Part Qallunaaq
Chapter 30. Family Time


I told Uncle Bill that my late mother, his half-sister, also used to call my youngest sister, Alacie, “mamaqsautik”. How uncanny and poetic for a man in Scotland, and his Inuk daughter in Arctic Canada, separated by an ocean and a culture, calling their offspring with the same Inuktitut word! What a unique verification of the fact that we have found each other beyond any doubt!

The next five days were a continuous sharing of meals and long visits. Many photographs were shared and explained. Family lineages were elaborated. Each of us shared nuggets of memories of our mother with Uncle Bill and Jess.

One time, while we were sharing our interest in Irish and Scottish music, Uncle Bill spontaneously started humming a tune, which I recognized, and hummed to its finish. I think the tune was “The Humors of Dunblane”, or was it “Muckin’ O’ Geordie’s Byre”? I can’t be sure now, because I am at the pre-school level in terms of knowing the names of Scottish musical tunes. But what a wonderful and natural subject to be getting into!
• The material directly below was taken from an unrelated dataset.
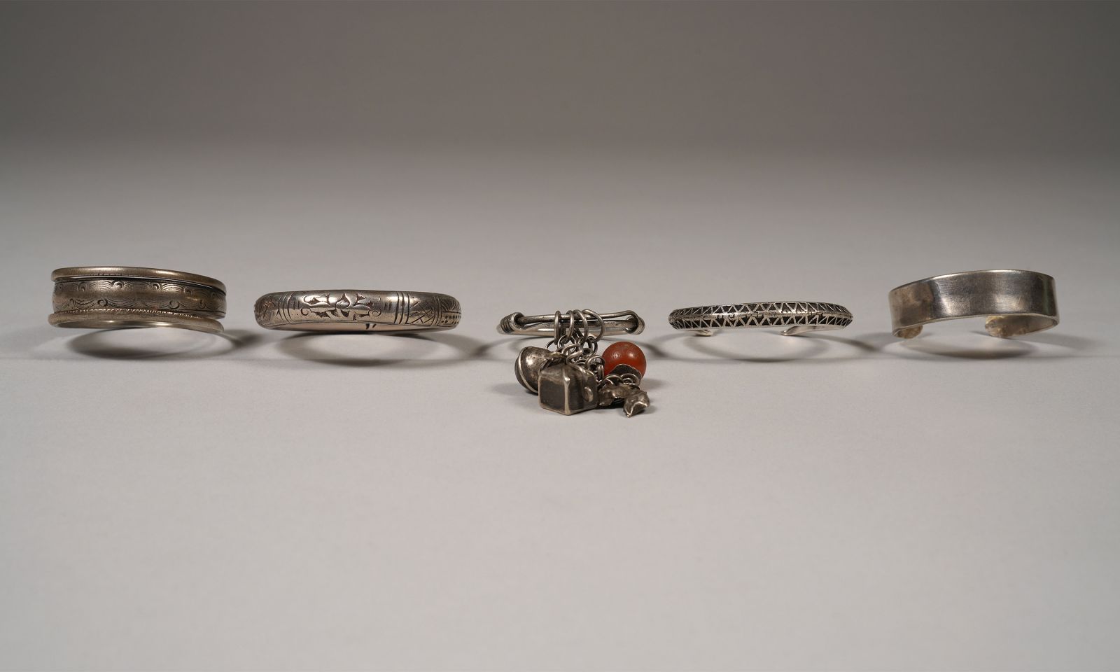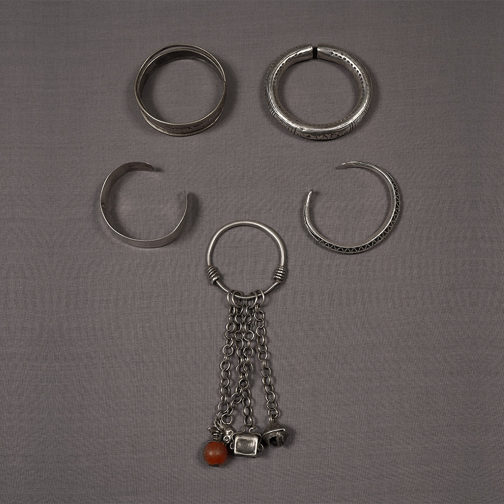 Collection of 5 Baby Bracelets 3 from Laos, 2 from South China Ca. 1920SilverVarious sizesInventory # 105553$1,300

I’m thoroughly enjoying learning the names of tunes!


Family Reunion

From our conversations with Uncle Bill and his wife, we learned that our grandfather had had two brothers, one of whom moved to Chicago in the United States, where he lived as a postmaster, and died in 1972. This brother’s name was Stuart, and I’m almost certain he is the David S. I discovered in the Aberdeen Town Registry records. If he had any children, these would be the first cousins of our late mother. This will definitely require further investigation.

We also learned that two of William Mackenzie Peter’s three sisters had each had a son. Winifred Talbert Peter Johnston had a son named Ian William Johnston, born in 1933, while Alice Peter Cook had a son named Alister John Cook, born in 1937. These would be our mother’s first cousins. If they had children, these would be our second cousins. Definitely branches of the family we will want to track down. The challenge of doing this research is now made less mysterious by having made this connection with our Uncle Bill.

During our last family meal together, I watched my youngest brother Poasie and Uncle Bill sharing stories and laughs; simply uncle and nephew thoroughly enjoying each other’s company, like it should be. That scene will forever stay in my memory: the ultimate reward for my long and sometimes lonely search for William Mackenzie Peter, my Scottish grandfather.